§ **Recorded data**:
######
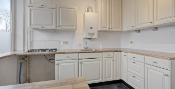 – Gesloten keuken met een licht keukenmeubel in een hoek opgesteld
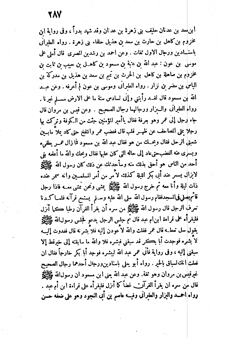 15551 - وَعَنْ قَيْسِ بْنِ مَرْوَانَ قَالَ: «جَاءَ رَجُلٌ إِلَى عُمَرَ وَهُوَ بِعَرَفَةَ، فَقَالَ: يَا أَمِيرَ الْمُؤْمِنِينَ، جِئْتُ مِنَ الْكُوفَةِ وَتَرَكْتُ بِهَا رَجُلًا يُمْلِي الْمَصَاحِفَ عَنْ ظَهْرِ قَلْبٍ. قَالَ: فَغَضِبَ عُمَرُ، وَانْتَفَخَ حَتَّى كَادَ يَمْلَأُ مَا بَيْنَ شُعْبَتَيِ الرَّحْلِ، فَقَالَ: وَيْحَكَ! مَنْ هُوَ؟ فَقَالَ: عَبْدُ اللَّهِ بْنُ مَسْعُودٍ، فَمَا زَالَ عُمَرُ يُطْفِئُ وَيُسَرِّي عَنْهُ الْغَضَبَ حَتَّى عَادَ إِلَى حَالِهِ الَّتِي كَانَ عَلَيْهَا، فَقَالَ: وَيْحَكَ! وَاللَّهِ مَا أَعْلَمُهُ بَقِيَ أَحَدٌ مِنَ النَّاسِ هُوَ أَحَقُّ بِذَلِكَ مِنْهُ، وَسَأُحَدِّثُكَ عَنْ ذَلِكَ: كَانَ رَسُولُ اللَّهِ - صَلَّى اللَّهُ عَلَيْهِ وَسَلَّمَ - لَا يَزَالُ يَسْمُرُ عِنْدَ أَبِي بَكْرٍ اللَّيْلَةَ كَذَلِكَ لِأَمْرٍ مِنْ أَمْرِ الْمُسْلِمِينَ، وَإِنَّهُ سَمَرَ عِنْدِهِ ذَاتَ لَيْلَةٍ وَأَنَا مَعَهُ، ثُمَّ خَرَجَ رَسُولُ اللَّهِ - صَلَّى اللَّهُ عَلَيْهِ وَسَلَّمَ - يَمْشِي وَنَحْنُ نَمْشِي مَعَهُ، فَإِذَا رَجُلٌ قَائِمٌ يُصَلِّي فِي الْمَسْجِدِ، فَقَامَ رَسُولُ اللَّهِ - صَلَّى اللَّهُ عَلَيْهِ وَسَلَّمَ - يَسْتَمِعُ قِرَاءَتَهُ، فَلَمَّا كِدْنَا نَعْرِفُ الرَّجُلَ قَالَ رَسُولُ اللَّهِ - صَلَّى اللَّهُ عَلَيْهِ وَسَلَّمَ -: " مَنْ سَرَّهُ أَنْ يَقْرَأَ الْقُرْآنَ رَطْبًا كَمَا أُنْزِلَ فَلْيَقْرَأْهُ عَلَى قِرَاءَةِ ابْنِ أُمِّ عَبْدٍ ". قَالَ: ثُمَّ جَلَسَ الرَّجُلُ يَدْعُو، فَجَلَسَ رَسُولُ اللَّهِ - صَلَّى اللَّهُ عَلَيْهِ وَسَلَّمَ - يَقُولُ: " سَلْ تُعْطَهُ ". قَالَ عُمَرُ: فَقُلْتُ: وَاللَّهِ لَأَعُودَنَّ إِلَيْهِ فَلَأُبَشِّرَنَّهُ. قَالَ: فَغَدَوْتُ إِلَيْهِ لِأُبَشِّرَهُ، فَوَجَدْتُ أَبَا بَكْرٍ قَدْ سَبَقَنِي فَبَشَّرَهُ، فَلَا وَاللَّهِ مَا سَابَقْتُهُ إِلَى خَيْرٍ قَطُّ إِلَّا سَبَقَنِي إِلَيْهِ».
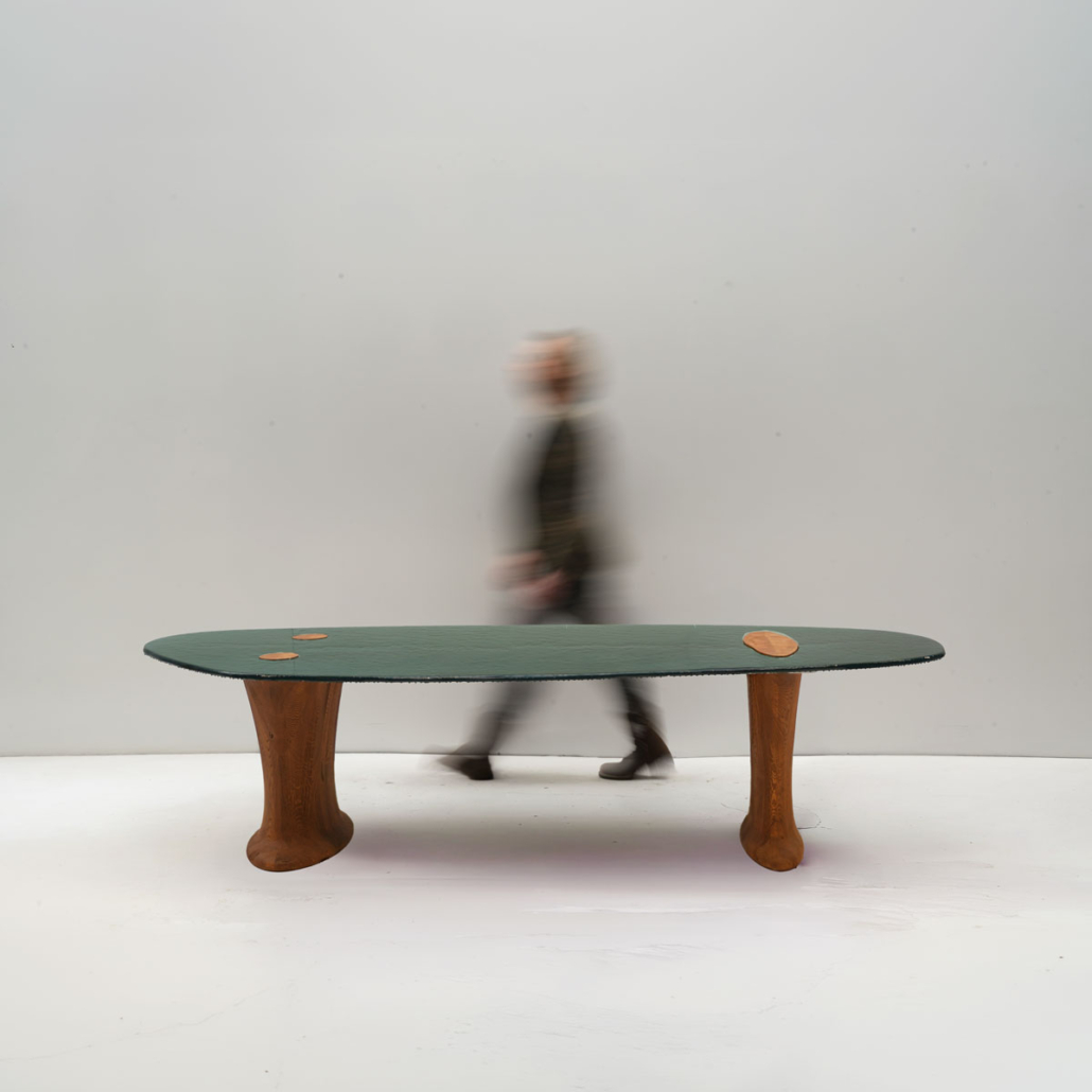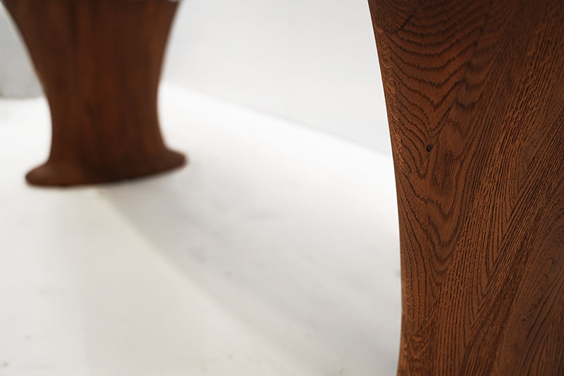 In Forest Green, Hertman highlights the contrast between mass and lightness. Monumental legs composed of assembled European oak blocks evoke the quiet strength of elephant limbs.
######
§ **The problem**: Exact copy, pictures excluded: repeat the lines from the top of the material through the line with "15551 - وَعَنْ".

§ **Answer for the task**:
 – Gesloten keuken met een licht keukenmeubel in een hoek opgesteld
 15551 - وَعَنْ قَيْسِ بْنِ مَرْوَانَ قَالَ: «جَاءَ رَجُلٌ إِلَى عُمَرَ وَهُوَ بِعَرَفَةَ، فَقَالَ: يَا أَمِيرَ الْمُؤْمِنِينَ، جِئْتُ مِنَ الْكُوفَةِ وَتَرَكْتُ بِهَا رَجُلًا يُمْلِي الْمَصَاحِفَ عَنْ ظَهْرِ قَلْبٍ. قَالَ: فَغَضِبَ عُمَرُ، وَانْتَفَخَ حَتَّى كَادَ يَمْلَأُ مَا بَيْنَ شُعْبَتَيِ الرَّحْلِ، فَقَالَ: وَيْحَكَ! مَنْ هُوَ؟ فَقَالَ: عَبْدُ اللَّهِ بْنُ مَسْعُودٍ، فَمَا زَالَ عُمَرُ يُطْفِئُ وَيُسَرِّي عَنْهُ الْغَضَبَ حَتَّى عَادَ إِلَى حَالِهِ الَّتِي كَانَ عَلَيْهَا، فَقَالَ: وَيْحَكَ! وَاللَّهِ مَا أَعْلَمُهُ بَقِيَ أَحَدٌ مِنَ النَّاسِ هُوَ أَحَقُّ بِذَلِكَ مِنْهُ، وَسَأُحَدِّثُكَ عَنْ ذَلِكَ: كَانَ رَسُولُ اللَّهِ - صَلَّى اللَّهُ عَلَيْهِ وَسَلَّمَ - لَا يَزَالُ يَسْمُرُ عِنْدَ أَبِي بَكْرٍ اللَّيْلَةَ كَذَلِكَ لِأَمْرٍ مِنْ أَمْرِ الْمُسْلِمِينَ، وَإِنَّهُ سَمَرَ عِنْدِهِ ذَاتَ لَيْلَةٍ وَأَنَا مَعَهُ، ثُمَّ خَرَجَ رَسُولُ اللَّهِ - صَلَّى اللَّهُ عَلَيْهِ وَسَلَّمَ - يَمْشِي وَنَحْنُ نَمْشِي مَعَهُ، فَإِذَا رَجُلٌ قَائِمٌ يُصَلِّي فِي الْمَسْجِدِ، فَقَامَ رَسُولُ اللَّهِ - صَلَّى اللَّهُ عَلَيْهِ وَسَلَّمَ - يَسْتَمِعُ قِرَاءَتَهُ، فَلَمَّا كِدْنَا نَعْرِفُ الرَّجُلَ قَالَ رَسُولُ اللَّهِ - صَلَّى اللَّهُ عَلَيْهِ وَسَلَّمَ -: " مَنْ سَرَّهُ أَنْ يَقْرَأَ الْقُرْآنَ رَطْبًا كَمَا أُنْزِلَ فَلْيَقْرَأْهُ عَلَى قِرَاءَةِ ابْنِ أُمِّ عَبْدٍ ". قَالَ: ثُمَّ جَلَسَ الرَّجُلُ يَدْعُو، فَجَلَسَ رَسُولُ اللَّهِ - صَلَّى اللَّهُ عَلَيْهِ وَسَلَّمَ - يَقُولُ: " سَلْ تُعْطَهُ ". قَالَ عُمَرُ: فَقُلْتُ: وَاللَّهِ لَأَعُودَنَّ إِلَيْهِ فَلَأُبَشِّرَنَّهُ. قَالَ: فَغَدَوْتُ إِلَيْهِ لِأُبَشِّرَهُ، فَوَجَدْتُ أَبَا بَكْرٍ قَدْ سَبَقَنِي فَبَشَّرَهُ، فَلَا وَاللَّهِ مَا سَابَقْتُهُ إِلَى خَيْرٍ قَطُّ إِلَّا سَبَقَنِي إِلَيْهِ».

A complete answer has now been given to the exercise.